As part of an effort to reduce costs associated with multiple aging facilities, the district announced in 2016 that it was considering closing the Long Beach Island Grade School and consolidating all students at Ethel A. Jacobsen Elementary School. The plan would require a $16 million bond to cover the costs of expanding and upgrading Jacobsen School to add two new wings, which would add about $50 per year in property taxes for the average homeowner, excluding any contribution from state aid or revenue from the sale of the old building.

== Schools ==
Schools in the district (with 2020–21 enrollment data from the National Center for Education Statistics) are:
- Ethel Jacobsen School in Surf City with 111 students in pre-kindergarten to second grade
  - Frank Birney, principal
- Long Beach Island Grade School in Ship Bottom with 125 students in grades 3 – 6
  - Peter J. Kopack, principal

==Administration==
Core members of the district's administration are:
- Peter J. Kopack, superintendent
- Meghan Lee, school business administrator and board secretary

==Board of education==
The district's board of education is comprised of nine members who set policy and oversee the fiscal and educational operation of the district through its administration.

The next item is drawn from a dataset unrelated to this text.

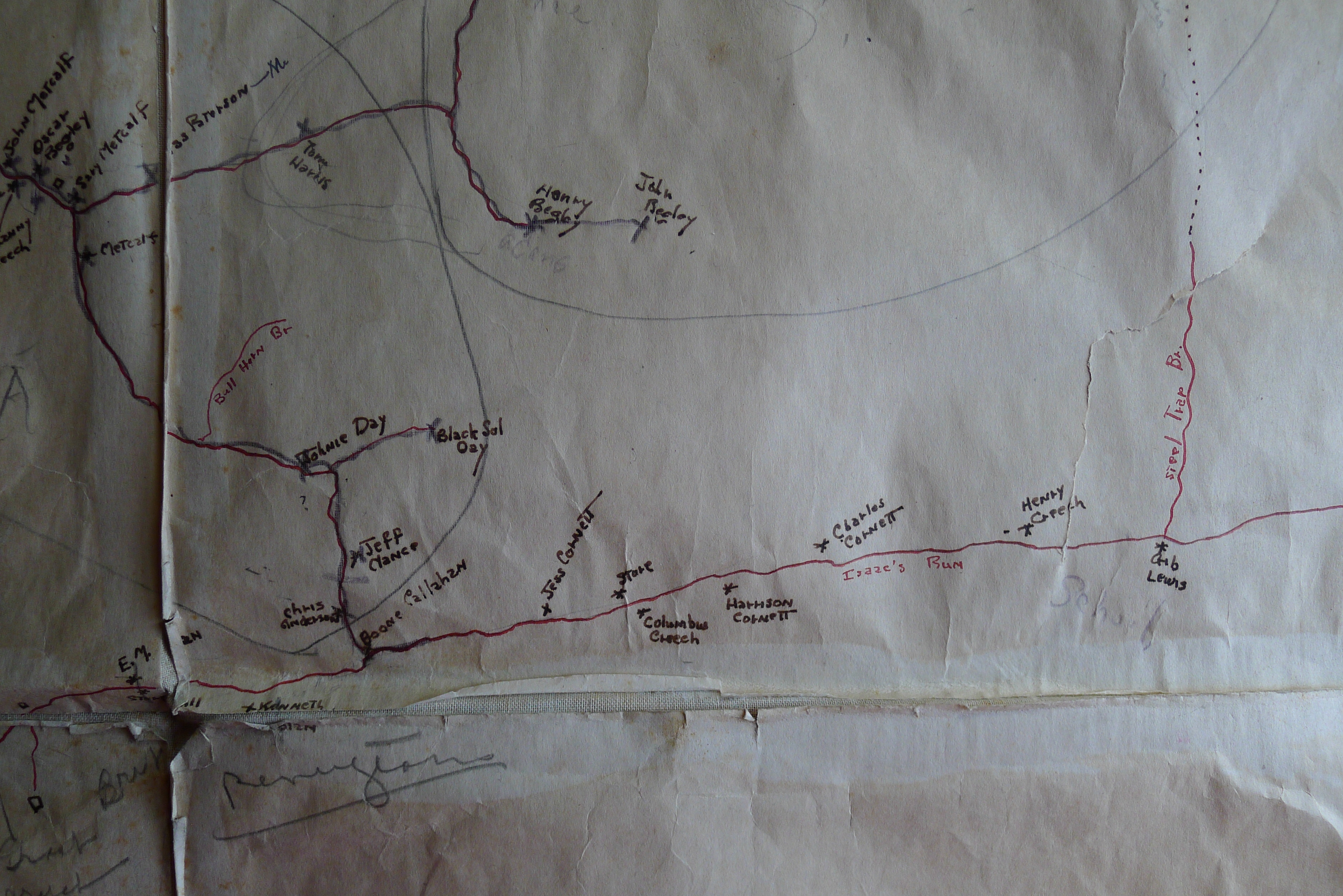 - Community Map of Pine Mountain valley – partial view of larger map showing Isaac’s Run toward Steel Trap Branch and Line Fork Settlement. [P1050592.jpg]

As a Type II school district, the board's trustees are elected directly by voters to serve three-year terms of office on a staggered basis, with three seats up for election each year held (since 2012) as part of the November general election. The board appoints a superintendent to oversee the district's day-to-day operations and a business administrator to supervise the business functions of the district. Of the nine seats, four are allocated to Long Beach Township and two to Surf City, with the other three constituent municipalities each allocated one seat.